> **Information supplied**:
★ ★ ★

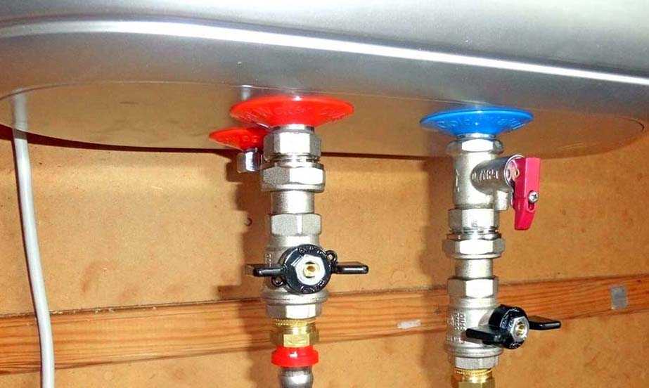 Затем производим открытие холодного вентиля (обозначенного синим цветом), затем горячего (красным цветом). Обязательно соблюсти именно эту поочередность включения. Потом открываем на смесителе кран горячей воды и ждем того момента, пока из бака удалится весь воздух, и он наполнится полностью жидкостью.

★ ★ ★

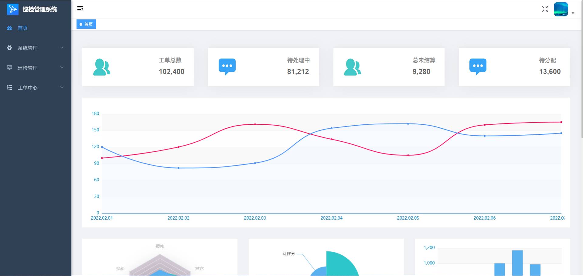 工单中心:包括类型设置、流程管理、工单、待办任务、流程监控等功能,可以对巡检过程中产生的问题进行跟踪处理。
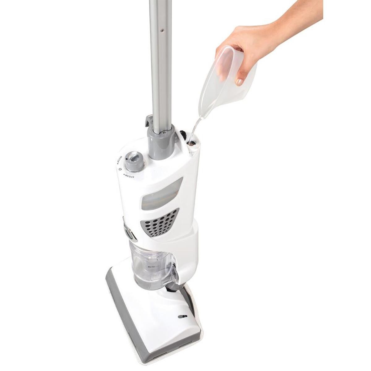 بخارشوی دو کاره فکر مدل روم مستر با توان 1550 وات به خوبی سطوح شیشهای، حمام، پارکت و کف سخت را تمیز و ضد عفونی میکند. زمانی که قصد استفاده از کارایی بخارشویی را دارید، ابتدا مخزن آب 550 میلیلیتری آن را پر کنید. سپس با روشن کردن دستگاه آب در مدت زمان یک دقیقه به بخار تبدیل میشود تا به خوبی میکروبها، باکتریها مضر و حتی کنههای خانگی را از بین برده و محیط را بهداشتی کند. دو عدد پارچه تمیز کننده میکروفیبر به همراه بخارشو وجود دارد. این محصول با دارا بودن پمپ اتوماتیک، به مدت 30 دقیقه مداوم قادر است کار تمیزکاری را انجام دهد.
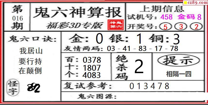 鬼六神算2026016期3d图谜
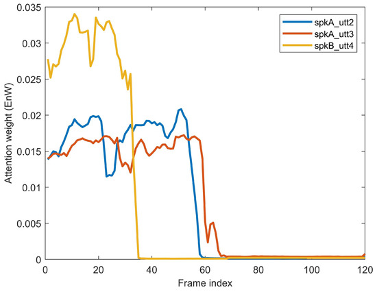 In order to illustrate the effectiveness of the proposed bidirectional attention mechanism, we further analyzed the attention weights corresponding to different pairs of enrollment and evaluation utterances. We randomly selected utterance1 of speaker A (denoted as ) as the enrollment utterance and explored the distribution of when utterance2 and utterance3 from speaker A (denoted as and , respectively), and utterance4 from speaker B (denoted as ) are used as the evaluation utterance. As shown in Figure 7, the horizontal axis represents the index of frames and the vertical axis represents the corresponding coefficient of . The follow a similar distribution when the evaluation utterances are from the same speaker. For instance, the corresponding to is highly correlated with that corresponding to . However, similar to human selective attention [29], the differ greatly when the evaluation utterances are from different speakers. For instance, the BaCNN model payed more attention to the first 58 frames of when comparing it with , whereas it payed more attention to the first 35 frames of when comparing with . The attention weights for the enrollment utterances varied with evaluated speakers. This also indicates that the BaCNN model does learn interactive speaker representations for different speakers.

★ ★ ★

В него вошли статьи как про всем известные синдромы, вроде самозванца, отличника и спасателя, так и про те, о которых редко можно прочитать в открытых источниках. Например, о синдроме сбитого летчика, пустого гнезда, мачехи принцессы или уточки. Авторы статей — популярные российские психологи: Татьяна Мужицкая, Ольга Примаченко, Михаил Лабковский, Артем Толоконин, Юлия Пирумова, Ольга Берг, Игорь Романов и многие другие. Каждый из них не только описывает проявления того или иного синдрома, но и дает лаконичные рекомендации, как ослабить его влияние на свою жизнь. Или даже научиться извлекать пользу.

★ ★ ★

> **Required work**: Print exactly, with no pictures, the lines above from the one that holds "工单中心:包括类型设置、流程" through the one that holds "鬼六神算2026016期3d图谜", both of them included.

> **Written solution**:
 工单中心:包括类型设置、流程管理、工单、待办任务、流程监控等功能,可以对巡检过程中产生的问题进行跟踪处理。
 بخارشوی دو کاره فکر مدل روم مستر با توان 1550 وات به خوبی سطوح شیشهای، حمام، پارکت و کف سخت را تمیز و ضد عفونی میکند. زمانی که قصد استفاده از کارایی بخارشویی را دارید، ابتدا مخزن آب 550 میلیلیتری آن را پر کنید. سپس با روشن کردن دستگاه آب در مدت زمان یک دقیقه به بخار تبدیل میشود تا به خوبی میکروبها، باکتریها مضر و حتی کنههای خانگی را از بین برده و محیط را بهداشتی کند. دو عدد پارچه تمیز کننده میکروفیبر به همراه بخارشو وجود دارد. این محصول با دارا بودن پمپ اتوماتیک، به مدت 30 دقیقه مداوم قادر است کار تمیزکاری را انجام دهد.
 鬼六神算2026016期3d图谜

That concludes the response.